Following sterilization, the kits would be placed into inventory until required. Software could then store data about each process step completed for each tool, based on the tag reads during cleaning, sanitization, sterilization and inventory.

When a kit was needed for surgery, a mobile robot could place it on a stainless steel cart with an active RFID tag attached to it. The kit’s tag ID would be associated with the cart ID in the software. A real-time location system (RTLS) could employ readers installed within the hospital’s corridors or operating rooms, to capture the ID number of the cart’s tag and determine that cart’s location in real time. Passive tags could alternatively be used, with passive RFID portals installed to track the cart’s passage from the storage area to an OR.

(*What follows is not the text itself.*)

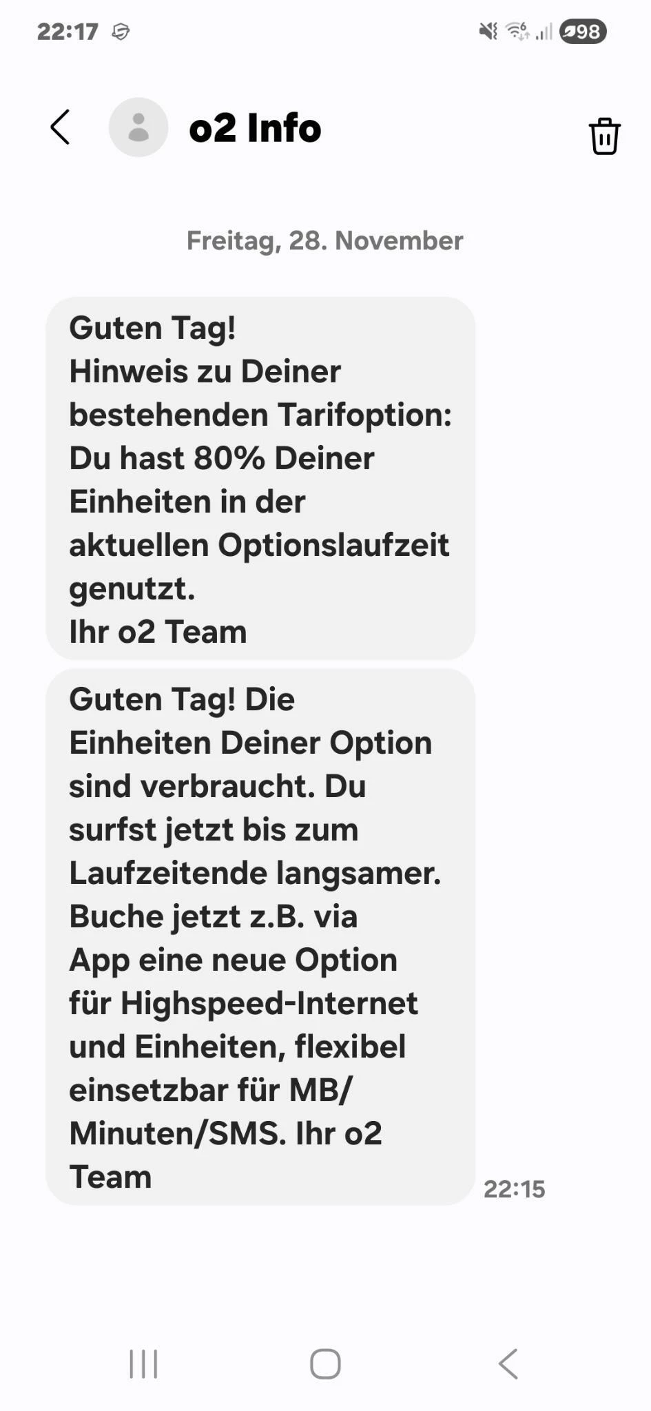 Hallo ​@Tirol65, schön, dass du dich hier meldest.🙂 Das ist eine Drossel-SMS, die du einmal nach Verbrauch von 80% des Highspeed Daten Volumens bekommst und einmal nach komplettem Verbrauch.

If the cart were a self-guided, robotic device on wheels, DeRose says, active RFID tags could be used for path planning and locating. Alternatively, her team will also look into other technology, such as computer vision to map out the device’s expected route, and to ensure that it remains on that path.

DeRose expects there to be four validation points at which RFID tags on kits and their contents would be read using an RFID interrogator to ensure that the correct kit and tools were at the right location. Those validation points, she says, could include a location just prior to delivery to the OR, in the surgical room (to record the kit’s contents upon arrival, as well as after surgery when leaving the OR, and finally at the cleaning area (to confirm which tools and kit have arrived for cleaning).

All details are still open for consideration, however, DeRose says. Because GE Healthcare and GE Global Research have a range of RFID readers and tags already on hand, the researchers plan to test a variety of hardware options prior to building a prototype, and they may also opt to test hardware not previously used by GE. Once the prototype is completed in 2014, it will be demonstrated at a VA hospital for three months, in order to obtain feedback from a variety of VA hospitals and personnel. The commercialization, business plans and return on investment (ROI), she adds, will all be developed during the course of the project.

While the solution is intended to reduce infection rates, DeRose says, many more benefits have been identified, including an improvement in the efficiency of surgery and scheduling, since kit accuracy is higher and instrument-counting time is lower. Moreover, the system could reduce setup and room turnaround times, as well as optimize inventory accuracy.

“We’re very excited,” DeRose states.